From: Tao Cui <cuitao@kylinos.cn>
Date: Fri, 22 May 2026 09:15:30 +0000 (+0800)
Subject: blk-throttle: schedule parent dispatch in tg_flush_bios()
X-Git-Url: http://git.ipfire.org/gitweb/?a=commitdiff_plain;h=6235ea3f8b8ffca0333ade0863992f3cd69592ea;p=thirdparty%2Fkernel%2Flinux.git

blk-throttle: schedule parent dispatch in tg_flush_bios()

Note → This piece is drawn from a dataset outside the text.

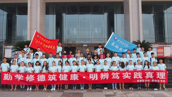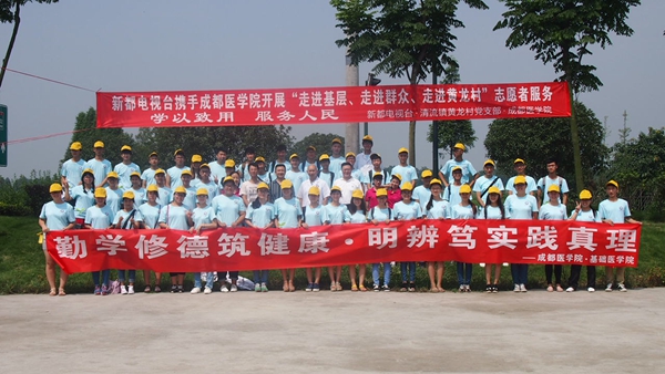 7月18日上午,成都医学院基础医学院在成都市新都区清流镇黄龙村开展以“勤学修德筑健康,明辨笃实践真理”为主题的三下乡社会实践活动。基础医学院党委副书记王绪伦、病原学教研室李晋川教授、基础团委副书记郑蕖老师、辅导员王春燕老师、周炬老师、校医院姚医生以及56名学生参加社会实践活动。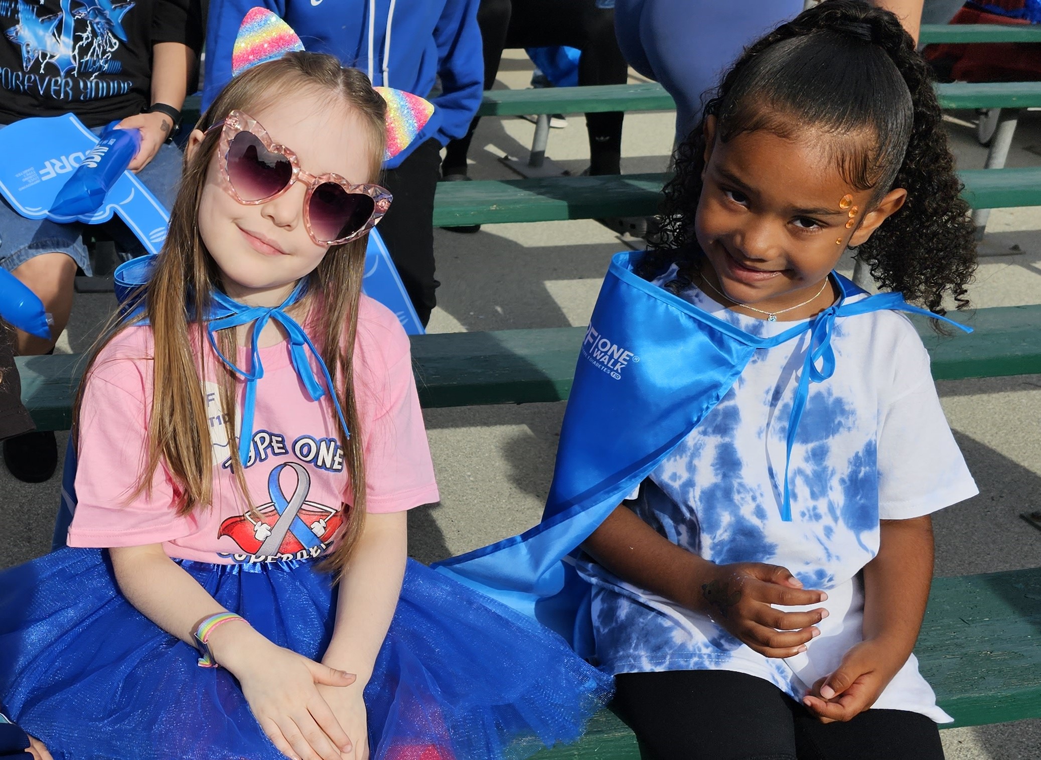 Now, we want to tell you about something else super cool that happened earlier this month – the Breakthrough T1D One Walk! It was the first Walk for both of us, and we couldn’t believe how many people were there to support finding a cure for T1D. It was so fun to meet other kids with T1D and get our faces painted and play games. We both walked in the T1D Parade wearing our superhero capes and everyone cheered for us!

tg_flush_bios() schedules pending_timer on the child tg's own
service_queue, which causes throtl_pending_timer_fn() to dispatch from
the child's pending_tree.  For leaf cgroups this tree is empty, so the
timer fires and exits without dispatching the throttled bio.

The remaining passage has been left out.